- Do you genuinely, truly believe that "4 digits then "-" then 2 digits then "-" then 2 digits" is more readable than "\d{4}-\d{2}-\d{2}"? Do you think your walls of text won't make everyone's eyes glaze over a few lines in? More importantly, do you believe it's more writable? A lot of regex operations are ad-hoc, and being able to type them out quickly and look at them in a small text field at a glance is very important. And as far as coding is concerned, well, your thing is useless outside of the JS ecosystem, is it not?
Dead? Replaced?... Your toy is cute, but it's more suited as a regex generator, or perhaps parser/"explainer" (but we already have several well-known projects there) than a standalone tool.
- The effort here is laudable, and this is cool! But your real competition isn't regexes, but parser combinator libraries. For cases where readability and matching matter, parser combinators are the go to. It's a bit difficult to see how this improves on that front.
- We built Match, a pattern matching language that compiles to WASM and replaces regex with readable grammars.
Instead of this: ^[a-zA-Z0-9._%+-]+@[a-zA-Z0-9.-]+\.[a-zA-Z]{2,}$
You write this:
email: username then "@" then domain
username: one or more of (letter, digit, ".", "_", "-")
domain: one or more of (letter, digit, "-") then "." then between 2 and 6 letters
Match features:
- WASM JIT + JS JIT: matches or beats native regex on most patterns
- Linear-time parsing, no backtracking, no ReDoS, ever
- Full parse trees with named extractions, not just match/no-match
- Zero dependencies, ~7KB, MIT licensed
- Composable grammars via modules
Website: https://matchlang.com
Performance: https://matchlang.com/docs/api/performance
- The preferred style here for the titles is more dry, something like "Matchlang: A pattern matching language that replaces regular expressions. Full parse trees, no ReDoS" or a shorter version like "Matchlang: A replacement for regular expressions. Full parse trees, no ReDoS".
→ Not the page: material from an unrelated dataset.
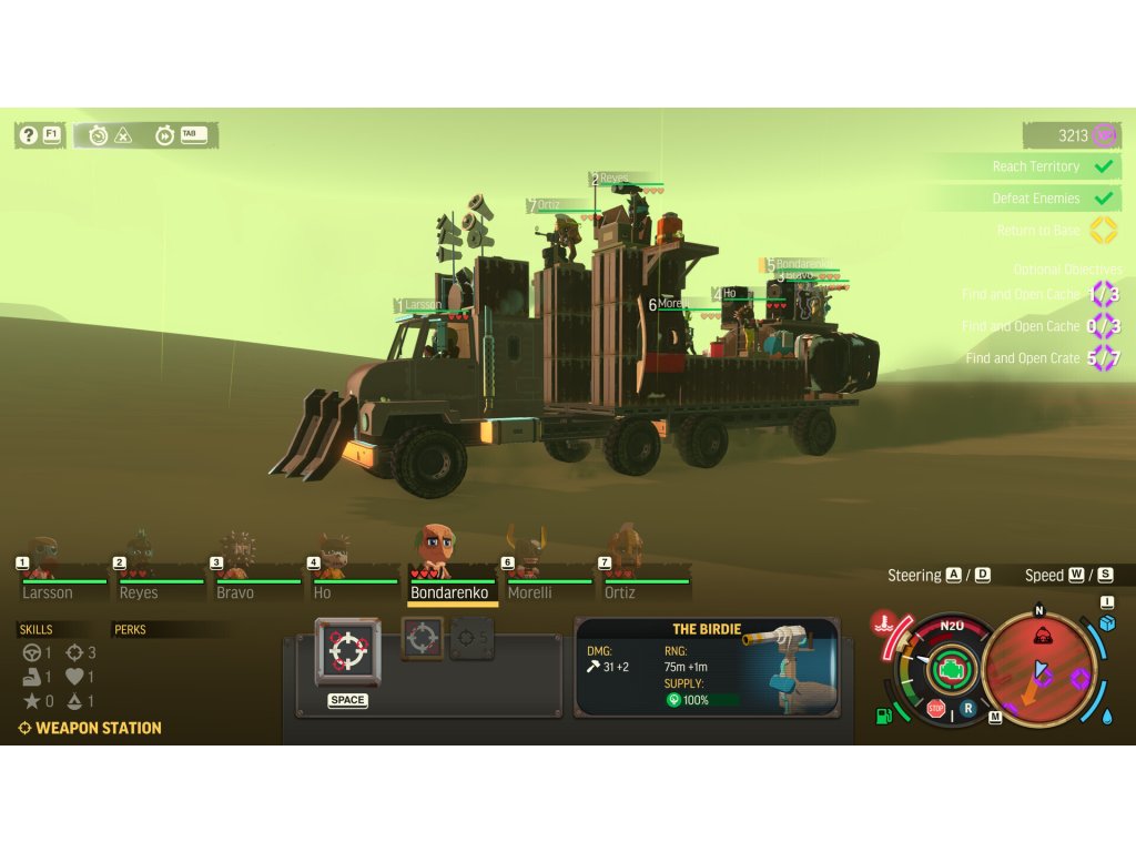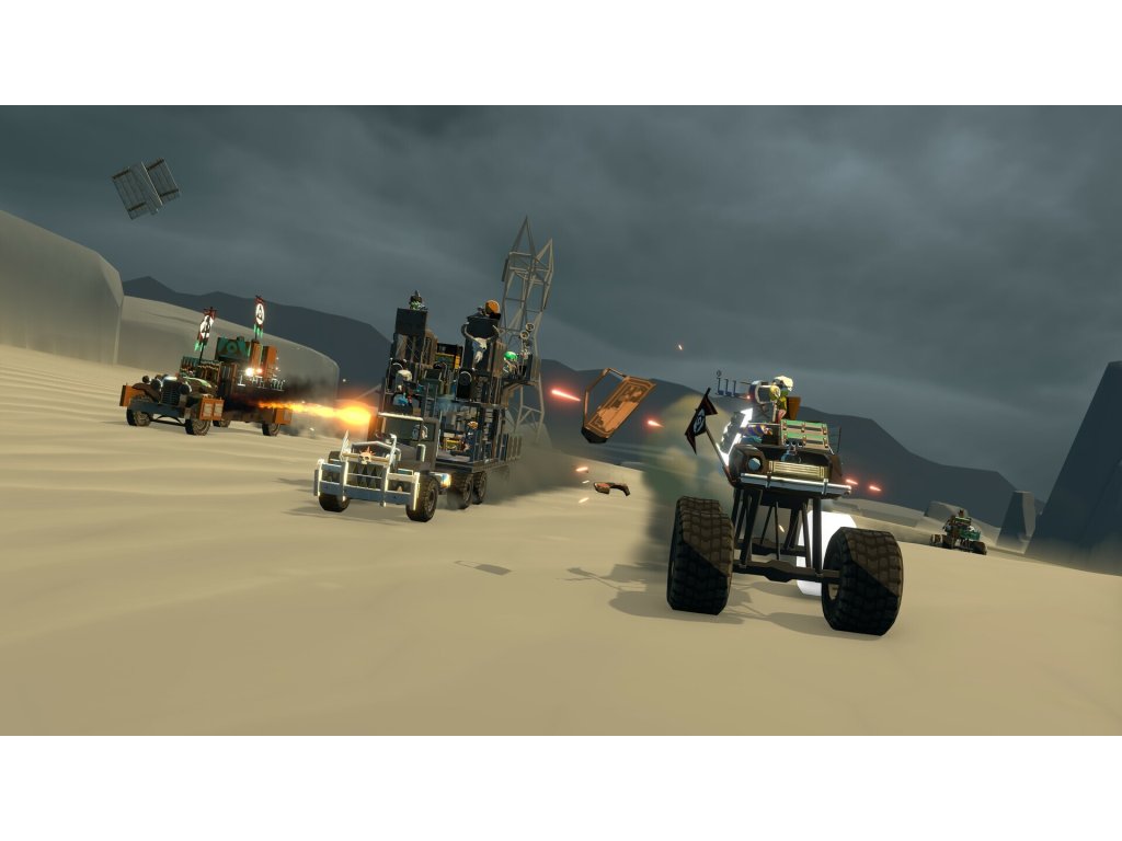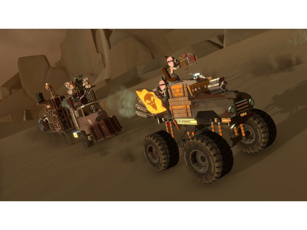 Combat will require you to multitask under pressure! While out on a mission, you must strategize and manage your crew members efficiently to man guns, repair your rig, heal injured crew mates and more. All whilst you drive and navigate environmental hazards and gigantic sandworms.

If you write in the title "Regex is dead" people will get skeptical and ask for proofs.
- How about performance?
- Performance breakdown: https://matchlang.com/docs/api/benchmarks
- You didn't understand the query
How does yours compare to regexp on performance across many inputs?
Regexp is incredibly fast, I doubt yours comes anywhere close
and then there's the kicker, Ai are really good at crafting regexp, better than writing code to replace it, that's for sure
---
looks like the comment I am replying to has changed the link, it was this one: https://matchlang.com/docs/api/performance
Note to OP, use standard regexp benchmarks
- elaborate?
- Look at a fast regex library [1] and take a subset of those tests or benchmarks and apply to match.
[1] https://github.com/intel/hyperscan/tree/master
That could be a fun comparison. As someone mentioned, regular expressions are extremely fast, and have been benchmarked forever.